How to complete this task :: With the images removed, repeat the data below exactly.

Information supplied ::
----

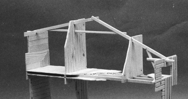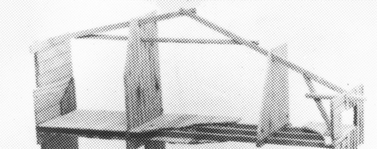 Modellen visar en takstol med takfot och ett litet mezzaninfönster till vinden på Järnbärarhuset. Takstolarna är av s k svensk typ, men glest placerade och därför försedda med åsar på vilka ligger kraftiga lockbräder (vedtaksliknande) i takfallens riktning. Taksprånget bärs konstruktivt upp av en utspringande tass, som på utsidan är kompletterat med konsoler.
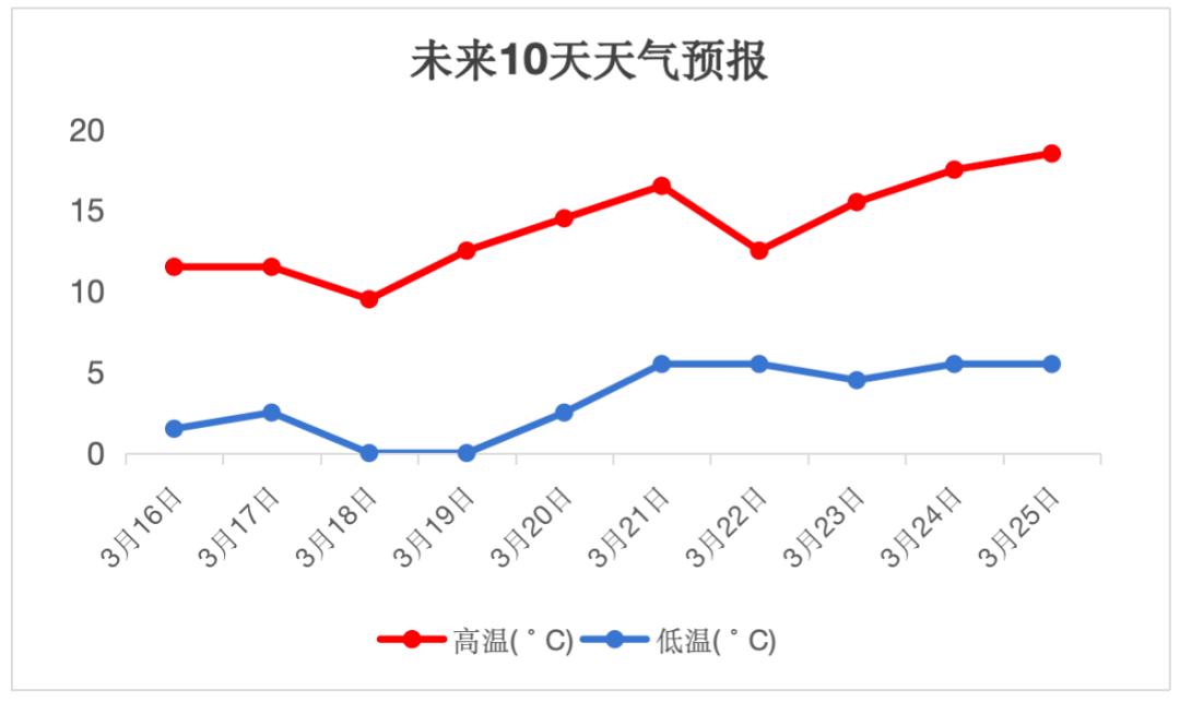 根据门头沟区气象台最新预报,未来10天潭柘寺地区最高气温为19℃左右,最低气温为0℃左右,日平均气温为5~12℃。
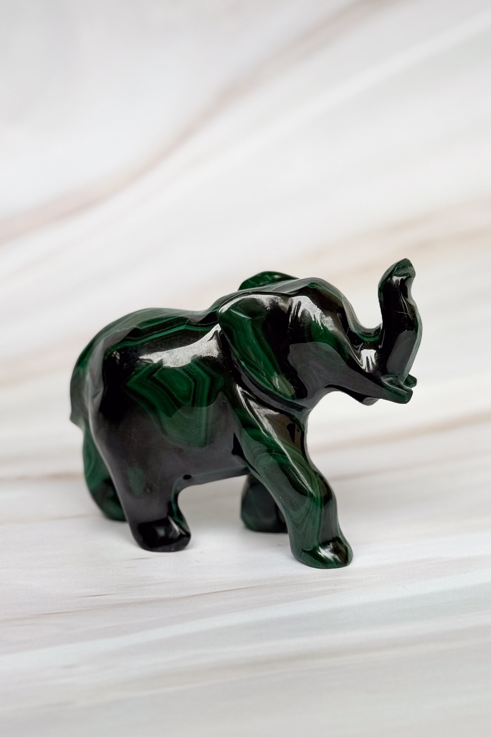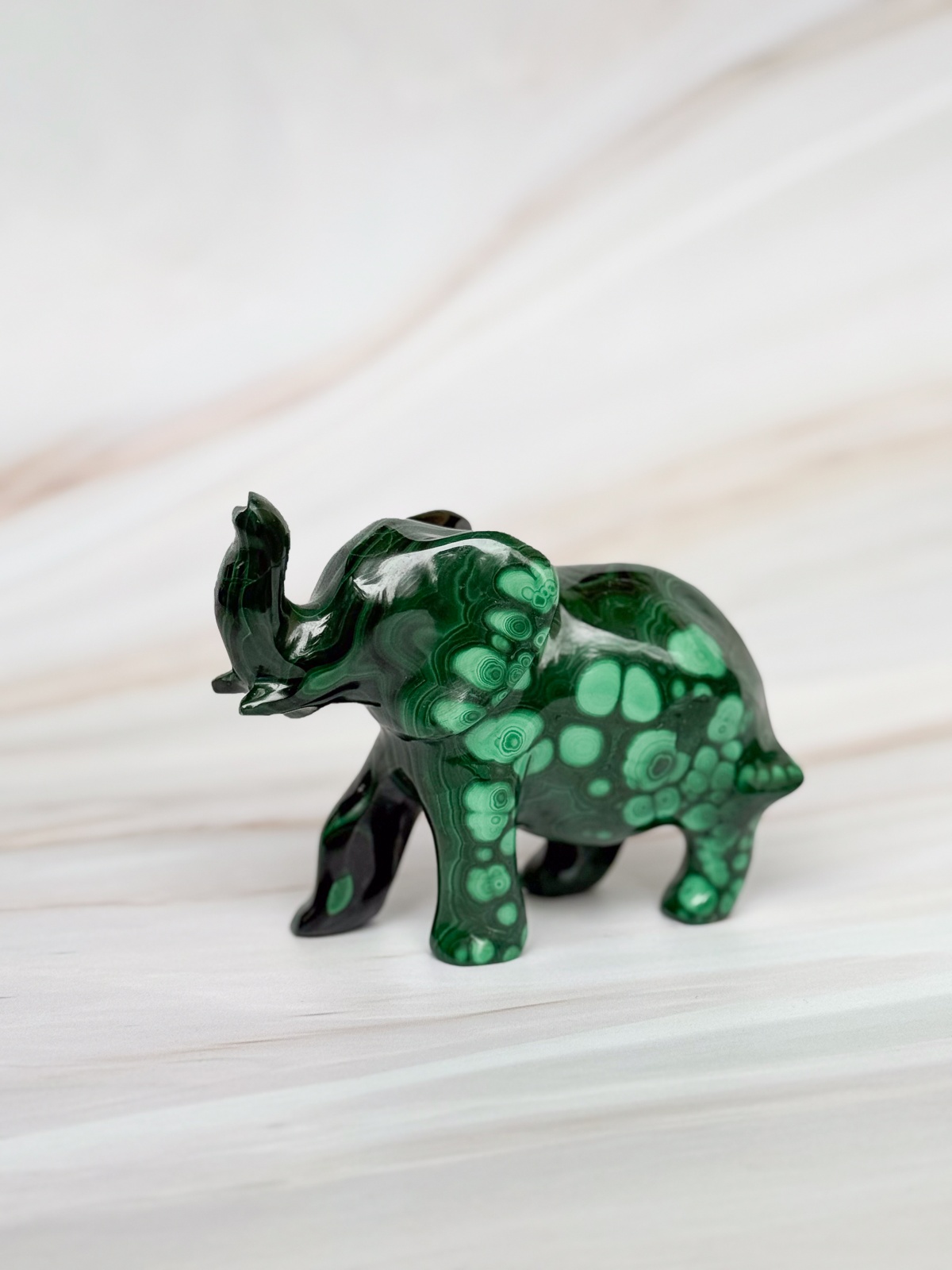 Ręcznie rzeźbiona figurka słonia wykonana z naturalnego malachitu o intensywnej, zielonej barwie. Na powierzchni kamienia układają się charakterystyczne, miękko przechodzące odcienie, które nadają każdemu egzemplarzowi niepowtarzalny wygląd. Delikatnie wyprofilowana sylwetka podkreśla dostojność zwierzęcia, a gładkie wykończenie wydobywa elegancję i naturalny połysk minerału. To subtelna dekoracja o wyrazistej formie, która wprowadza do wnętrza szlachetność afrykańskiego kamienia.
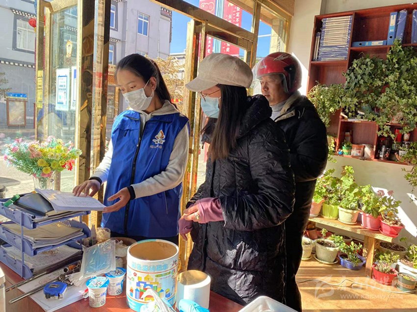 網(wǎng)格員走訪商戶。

----

Task result ::
 Modellen visar en takstol med takfot och ett litet mezzaninfönster till vinden på Järnbärarhuset. Takstolarna är av s k svensk typ, men glest placerade och därför försedda med åsar på vilka ligger kraftiga lockbräder (vedtaksliknande) i takfallens riktning. Taksprånget bärs konstruktivt upp av en utspringande tass, som på utsidan är kompletterat med konsoler.
 根据门头沟区气象台最新预报,未来10天潭柘寺地区最高气温为19℃左右,最低气温为0℃左右,日平均气温为5~12℃。
 Ręcznie rzeźbiona figurka słonia wykonana z naturalnego malachitu o intensywnej, zielonej barwie. Na powierzchni kamienia układają się charakterystyczne, miękko przechodzące odcienie, które nadają każdemu egzemplarzowi niepowtarzalny wygląd. Delikatnie wyprofilowana sylwetka podkreśla dostojność zwierzęcia, a gładkie wykończenie wydobywa elegancję i naturalny połysk minerału. To subtelna dekoracja o wyrazistej formie, która wprowadza do wnętrza szlachetność afrykańskiego kamienia.
 網(wǎng)格員走訪商戶。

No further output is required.